To all who may be confined in the proposed Penitentiary Establishment, this difficulty will be removed.—A difficulty in the present state of things, the magnitude of which cannot be estimated, since it generates most of those evils to which are to be attributed the extensive corruption of morals, and the increase and multiplication of crimes.
Upon the whole, it would be expedient to give full effect to the new Penitentiary System as soon as possible; which, to use the language of the Select Committee, (p. 30.) "seems to bid fairer than any other that was ever yet offered to the Public, to diminish the Public expenditure in this branch, and to produce a salutary reform in the objects of the proposed institution."
At the same time for the purpose of rendering the System of Punishments useful in the greatest possible degree to the Community, and that they may operate, in the fullest extent, as an example, tending to the prevention of crimes, it would seem that the following general principles should be adopted.
1st. That examples of punishment by death, (except, perhaps, in cases of Murder), should only take place twice a year: and that the impression upon the Public mind may be stronger from the less frequency of such painful exhibitions, they ought on all occasions to be conducted with a degree of solemnity suited to the object in the view of the Legislature, when the life of a fellow-creature is sacrificed, that it may really prove useful in deterring others; and not be contemplated with indifference, as is too often the case at present, without making the least impression, or being in any degree beneficial to the great ends of Public justice.
2d. That the System of the Hulks should be at once wholly abandoned, as a source of great expence, producing in the result infinitely more evil than good, and thereby exhausting the Finances of the Country without any one beneficial consequence.

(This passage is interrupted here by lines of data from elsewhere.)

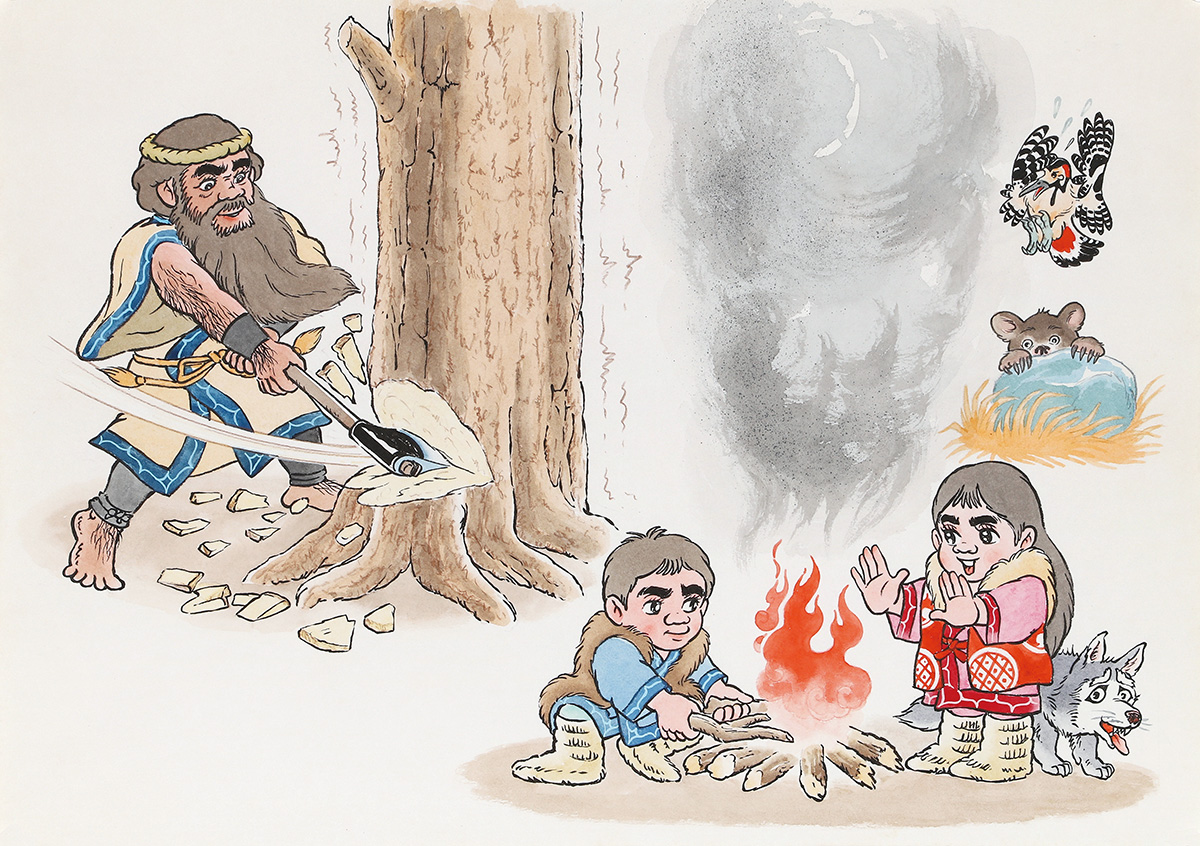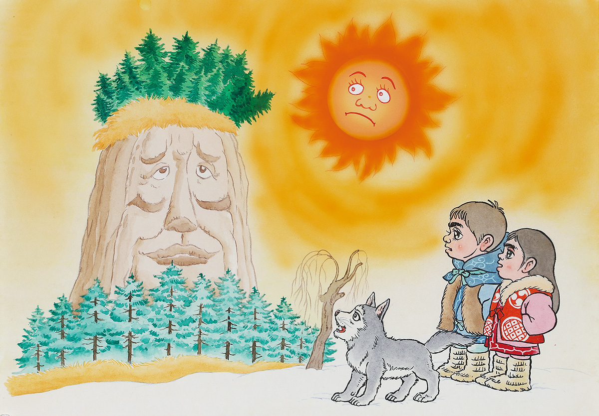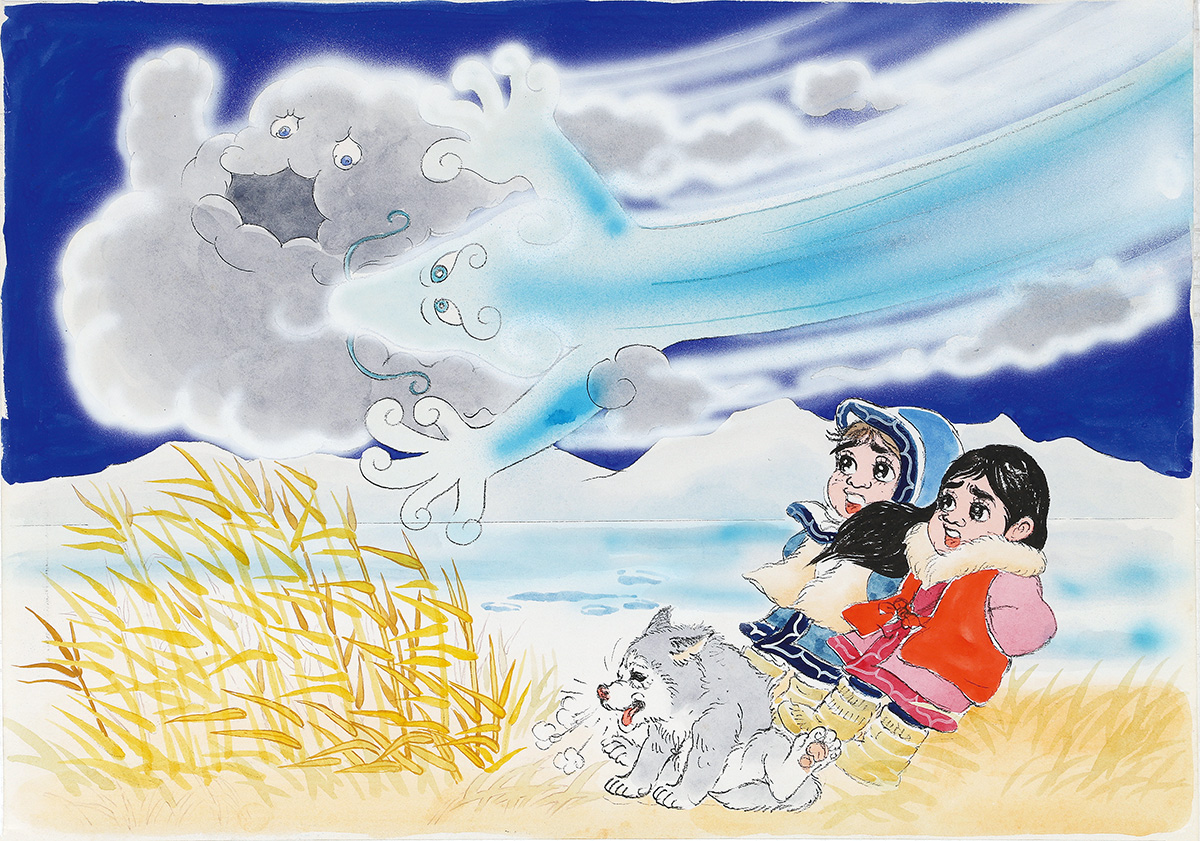 おおかみスッテン!は、知里幸恵ノートの「知恵くらべ 氷の上に小さい狼の子がころんだ」を原著とする絵物語です。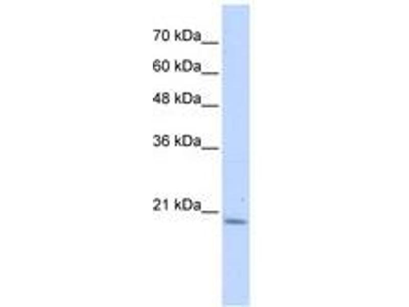 Synthetic peptide from N-Terminus of human PFDN6 (O15212, NP_055075). Percent identity by BLAST analysis: Human, Chimpanzee, Gorilla, Gibbon, Monkey, Marmoset, Mouse, Rat, Sheep, Hamster, Elephant, Panda, Dog, Bovine, Bat, Rabbit, Horse, Pig, Guinea pig (100%), Opossum, Xenopus, Catfish, Zebrafish (92%), Frog (90%), Trout, Salmon, Pike (85%).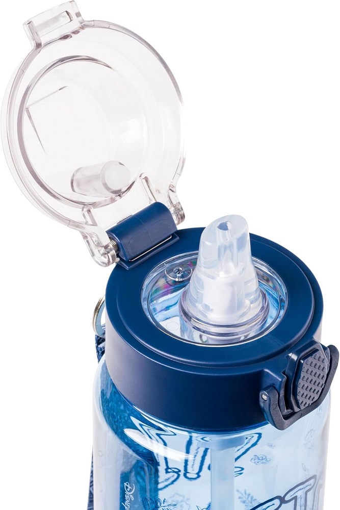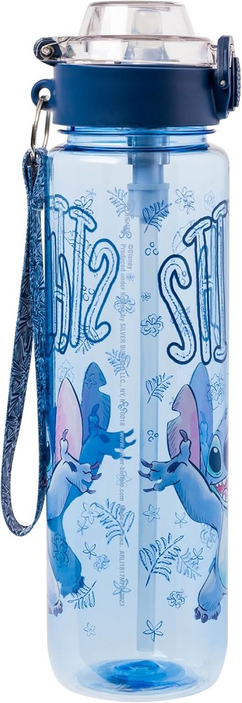 - DISNEY LILO AND STITCH WATER BOTTLE: the Front of Lilo and Stitch water bottle features Stitch with his arms raised. Written above Stitch is his name. The background of the water bottle is blue with illustrations of leaves and flowers.
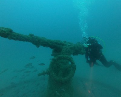 The wreck lies at a depth of 44m, and it’s possible to dive around the castle and discover the galley. The front of the castle marks the break-up of the ship, and by following the wreckage you can reach the bow, where the anchors are still in place.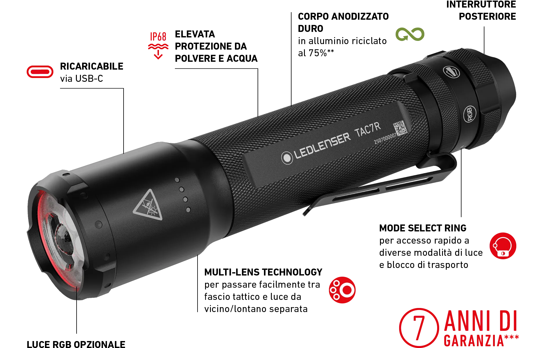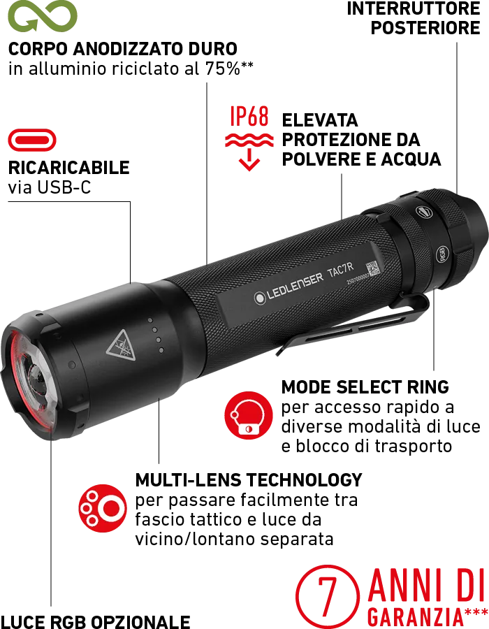 Con la TAC7R, nulla può andare storto. È robusta, facile da usare grazie al Mode Select Ring e all’interruttore tattico sul fondello, ed è dotata di luce RGB aggiuntiva – ideale per le forze di polizia o di sicurezza.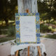 Blue Mediterranean citrus wedding welcome sign

3d. That Transportation to New South Wales and Norfolk Island, should be limited to a few of the most depraved, incorrigible, and irreclaimable Convicts, whose vicious and ungovernable conduct, while under the discipline of a Penitentiary House, rendered their reform hopeless.—That shipments should only take place once in three years, and that the Civil and Military Establishment of the Colony should be gradually reduced, so as to bring the National Expenditure on this branch of Police within moderate bounds.
4th. That every thing should be done to accelerate the erection of National Penitentiary Houses.—That their capacity, including appendages, should be equal to the accommodation of 3,500 Convicts of all descriptions, so as to admit of different degrees of treatment and labour, according to the age, sex, and state of health of the Convicts.
5th. That the local Penitentiary Houses in the different Counties, destined for the Punishment of persons convicted of Larcenies, and other minor offences, should be conducted, as nearly as possible, upon the plan of the National Establishments; and also by contract, under circumstances where the labour of the Convicts may, by the resources of the Contractor, be rendered (without hardship) equal, or nearly equal, to the expence; a measure conceived to be almost, in every instance, practicable, where knowledge of business, stimulated by interest, shall form an ingredient in the executive management.
6th. That there should be attached to each County Penitentiary House, a Subsidiary Establishment, into which all discharged prisoners should be admitted who choose it, and where they might be continued in the exercise of the trades in which they were employed during their confinement, and for which they should receive wages in proportion to their earnings, until they could otherwise find a settled employment through an honest medium: thus giving those who are desirous of reforming an opportunity of sheltering themselves from the dangers of relapse, which arise from being afloat upon the Public—idle, and without the means of subsistence.
In carrying the Penitentiary System into effect, it ought not to escape notice, that the hardship imposed on Convicts, with respect to manual labour, would be no more than every honest artisan who works industriously for his family, must, during the whole course of his life, impose upon himself. The condition of a Convict would, even in some respects, be superior, inasmuch as he would enjoy medical assistance, and other advantages tending to the preservation of health, which do not attach to the lower classes of the people, whose irregularities not being restrained, while their pursuits and labours are seldom directed by good judgment and intelligence, often produce bad health, and extreme indigence and distress.